Особенно кончина героя очаровывает г. Писарева. Он пишет о ней с гордым блеском во взоре, он кичится этой смертию за себя и за все новое поколение, он видит в этой смерти истинную апофеозу героя нашего времени, он не находит слов для изъявления благодарности автору за эту сцену смерти. Какая противоположность с воззрением г. Антоновича! Кто же прав?
Г. Антонович с негодованием говорит об отношениях Базарова к родителям. Нежная душа этого критика с особенною любовию останавливается на старушке, матери Базарова. Изо всего романа ему понравилось только одно это лицо.

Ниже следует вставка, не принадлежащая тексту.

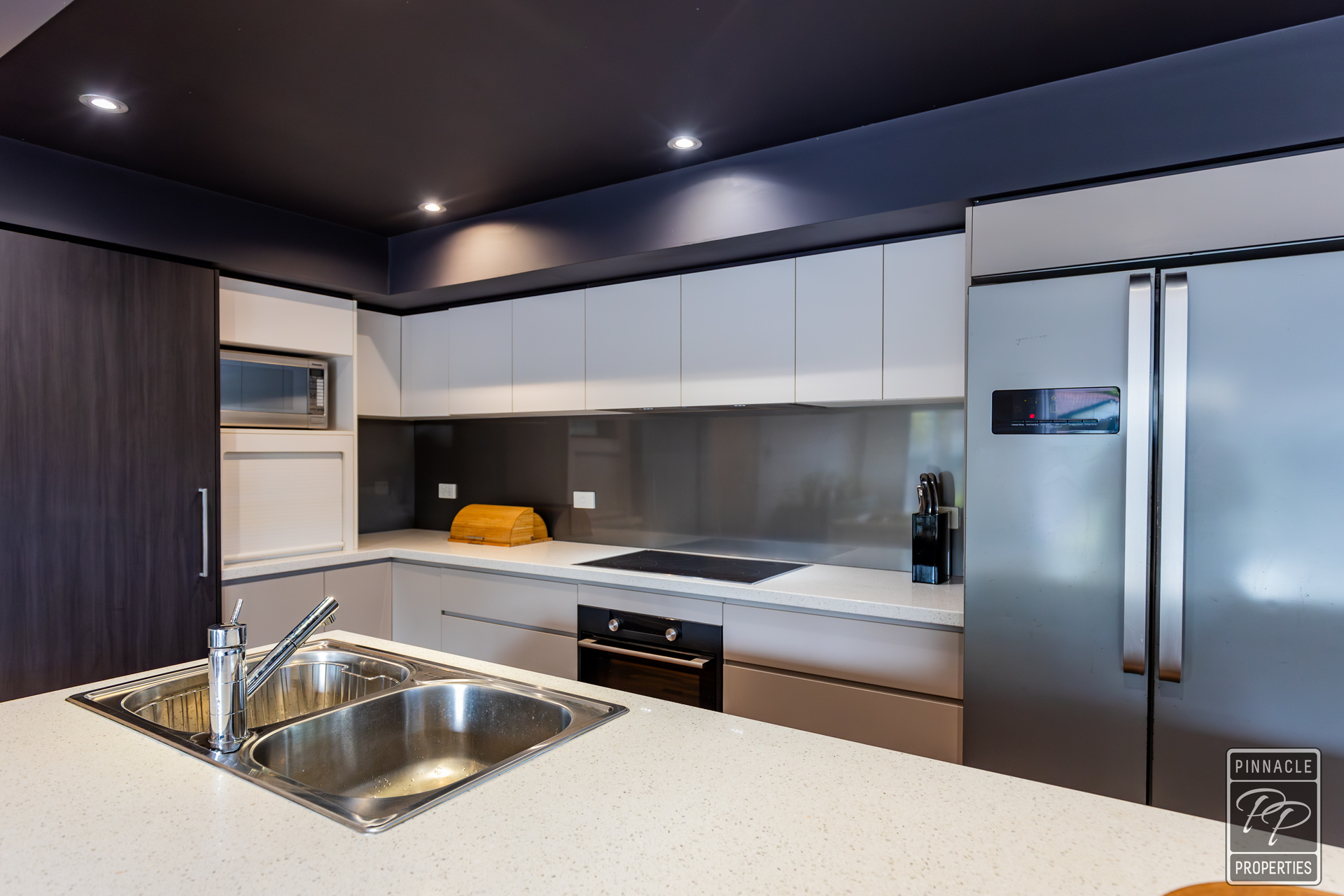 The modern kitchen, with island bench has a gorgeous stone waterfall bench top and stainless-steel appliances. The perfect place for the family or friends to gather to keep the chef company.

Новое доказательство добродетельных свойств этого прогрессиста: старушка эта и суеверна, и эмбриологии не знает, и операции литотомии12 не видела, ничего в ней нет прогрессивного, все в ней застой и самый отъявленный консерватизм, и, однако ж, г. Антонович полюбил ее, отличил от всех и говорит о ней с чувством. Но тем пуще негодует он на Базарова, который обходится с ней непочтительно и сурово. Г. Писарев, напротив, удивляется снисходительности и долготерпению Базарова в отношении к старичкам родителям. Он бесконечно выше их. Что ему с ними делать, о чем с ними говорить? Не садиться же ему на пол для того, чтобы с ними сравняться? — так выразительно оправдывает героя юный поклонник его.

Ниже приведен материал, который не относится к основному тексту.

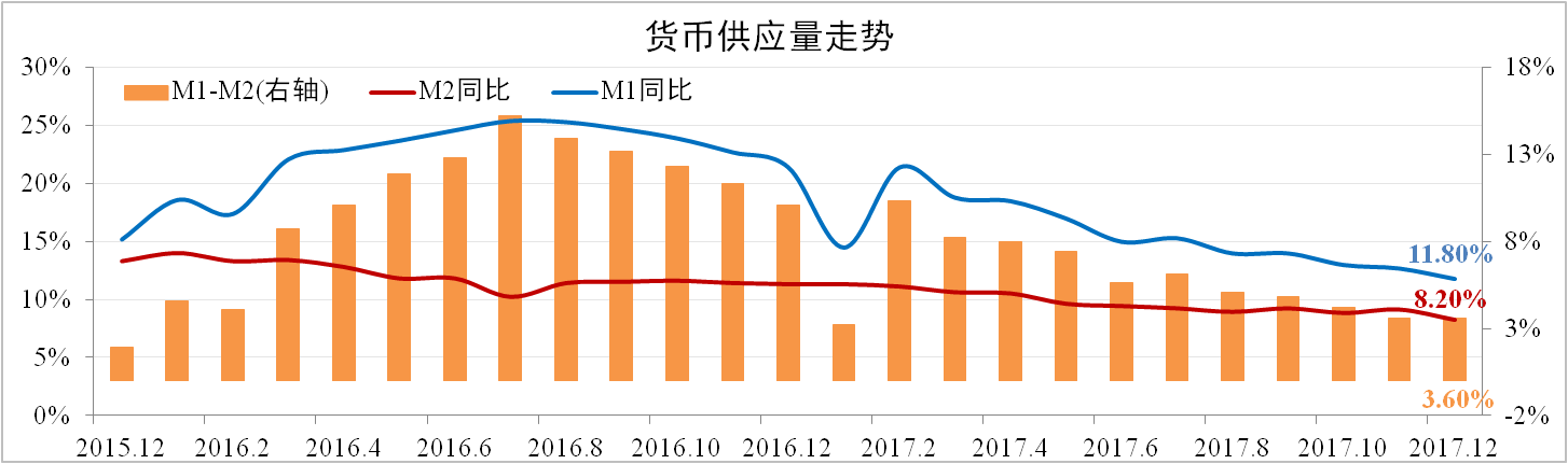 分析認為:金融機構持有的M2下降導致貨幣供應大幅收縮。一方面年底放貸額度受限,對存款需求上升;另一方面監管趨嚴使得資金供應不足。實(shí)體經(jīng)濟融資需求旺盛疊加央行春節定向降準,預計1季度貨幣供應將出現反彈。

Этот юный поклонник, как замечено выше, рукоплещет мнениям героя, в котором видит яркое и сильное выражение начал нигилизма. Он с удовольствием и признательностью принимает титул нигилиста. Он приветствует героя именно в этом качестве. Только раз он не совсем согласился с мнением Базарова, только однажды показалось ему, что герой немножко ‘заврался’. Г. Писарев — любитель приятных ощущений, а потому и любитель красот природы и искусства. Его шокировала холодность Базарова к искусству, его немножко встревожило суровое слово героя о том, что природа не храм какой-нибудь, а мастерская, в которой надобно работать. Г. Писарев отваживается на легкий диспут с героем и заявляет необходимость приятных ощущений для человека. Он осмеливается поставить герою на вид его непоследовательность в этом пункте и против его авторитета вдруг выводит тройственную силу Карла Фохта, Молешота и Бюхнера. Г. Писарев напоминает Базарову, что этот великий триумвират разрешил употребление чарки водки чернорабочему и наркотические наслаждения людям достаточных классов: значит, разрешено и искусство. В этом единственное разногласие между героем и его поклонником, во всем прочем г. Писарев остается ему верен.

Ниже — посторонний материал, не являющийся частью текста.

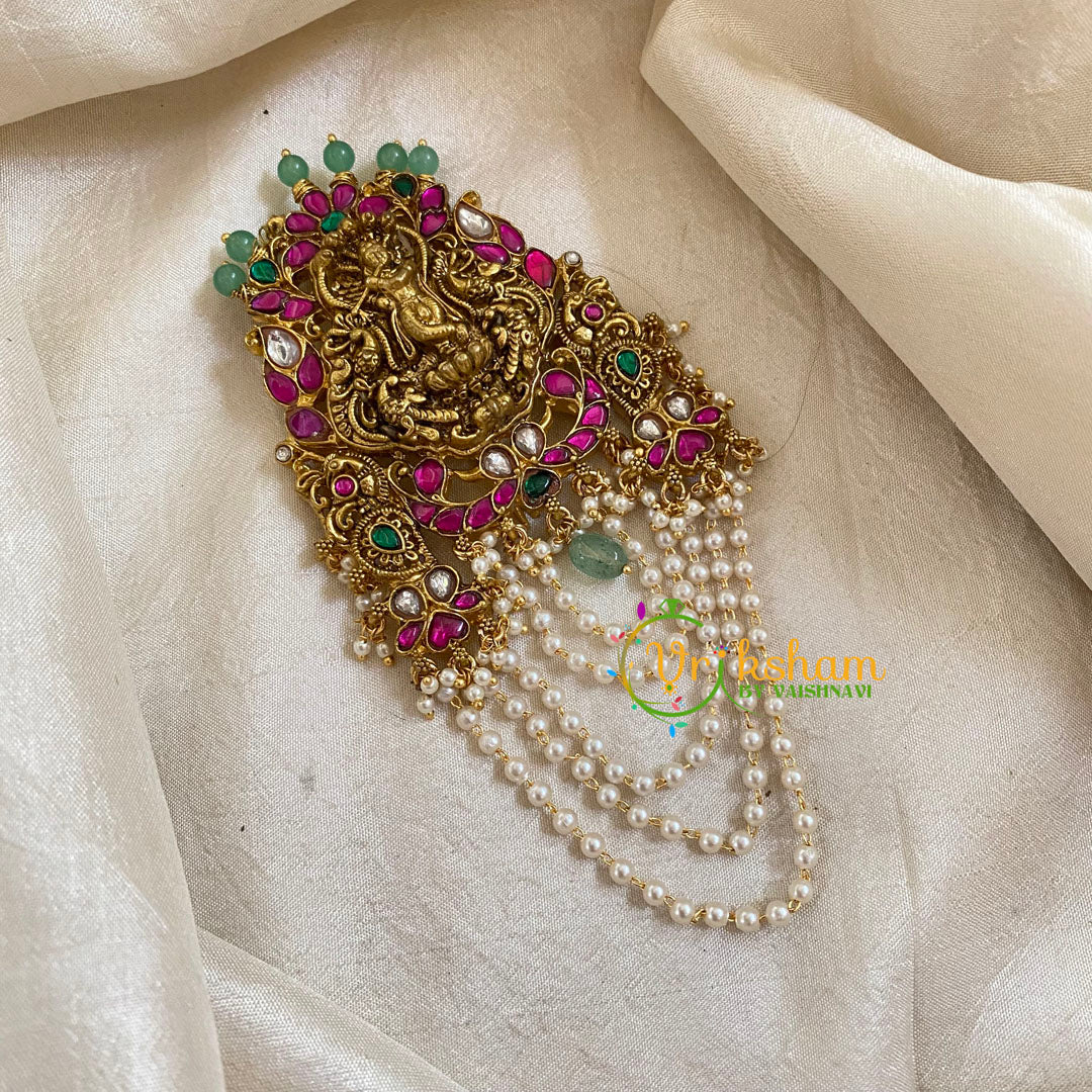 Precious Jadau Kundan Lakshmi Jada Billai with Pearls hanging in layeres -single bun billai - bridal hair accessory; Pearl finish.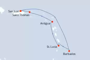 Reiseroute : San Juan, Saint Thomas, Saint martin, Antigua, St. Lucia, Barbados, San Juan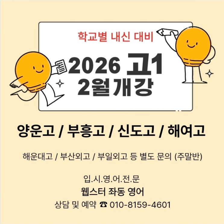 ■ 2026 고1 수업 안내 ■ - 학교별 내신 대비 (교과서 / 부교재 / 모의고사 등) - 정규 강의 + 개별 학습 - 소수 정예 + 원장 직강 - 흐름 독해 + 5복 노트 - 어법(문법) + 서술형 대비 정확한 이해를 바탕으로 암기 적용 반복 학습 동반자 웹스터 좌동 영어 (입시.영어.전문) 상담 및 예약 010-8159-4601 <img src="https://blogthumb.pstatic.net/MjAyNjAyMDJfMjk1/MDAxNzcwMDQyNzE0ODY3.tB28ywXy0ia8Kj3tj2M2MeO9gO5OIu3ilD1INxeQ4Tkg.2MAnA-JlSuFKnLHdaq9gAFTLQFylbn_My_4I-64QJKsg.JPEG/900%A3%DFScreenshot%A3%DF20260202%A3%DF231933%A3%DFSamsung_Internet.jpg?type=s3" />

Теперь спрашивается, каким же образом критик ‘Современника’ отрицает существование нигилизма? Каким образом не признает он никакой связи между Базаровым и действительностью и отнимает у него право быть героем нашего времени? Допустим, что он искренно так думает, но вот г. Писарев показывает ему своею особой, что он ошибся.
О вкусах, как известно, спорить не следует, в эстетической оценке самые единомышленные люди могут расходиться. Но тут дело не в эстетической оценке, мы сближаем этих двух критиков не с тем, чтоб из этого сближения делать какой-нибудь вывод относительно художественных достоинств произведения. Пусть во мнении одного оно стоит высоко, пусть во мнении другого оно ниже романа г. Аскоченского: это все равно, об этом толковать нечего. Но нас интересуют не мнения этих критиков, а их личные отношения к роману, который будто бы они разбирают, но который накрыл их самих и произвел самое разлагающее действие на их умственную организацию.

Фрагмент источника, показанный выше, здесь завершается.